→ **Work instructions**: Write out the entire listing exactly, so that each line matches the original.

→ **Stored data**:
===============

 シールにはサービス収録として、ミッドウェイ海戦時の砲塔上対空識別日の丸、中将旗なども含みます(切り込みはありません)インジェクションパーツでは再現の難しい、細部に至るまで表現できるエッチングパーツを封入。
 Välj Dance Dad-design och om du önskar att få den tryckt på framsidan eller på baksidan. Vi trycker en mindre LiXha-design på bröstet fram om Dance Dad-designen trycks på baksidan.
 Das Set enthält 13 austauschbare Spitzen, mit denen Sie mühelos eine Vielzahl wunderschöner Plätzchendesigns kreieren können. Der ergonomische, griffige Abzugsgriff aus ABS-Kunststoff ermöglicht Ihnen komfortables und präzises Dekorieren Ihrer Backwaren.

===============

→ **Response to this task**:
 シールにはサービス収録として、ミッドウェイ海戦時の砲塔上対空識別日の丸、中将旗なども含みます(切り込みはありません)インジェクションパーツでは再現の難しい、細部に至るまで表現できるエッチングパーツを封入。
 Välj Dance Dad-design och om du önskar att få den tryckt på framsidan eller på baksidan. Vi trycker en mindre LiXha-design på bröstet fram om Dance Dad-designen trycks på baksidan.
 Das Set enthält 13 austauschbare Spitzen, mit denen Sie mühelos eine Vielzahl wunderschöner Plätzchendesigns kreieren können. Der ergonomische, griffige Abzugsgriff aus ABS-Kunststoff ermöglicht Ihnen komfortables und präzises Dekorieren Ihrer Backwaren.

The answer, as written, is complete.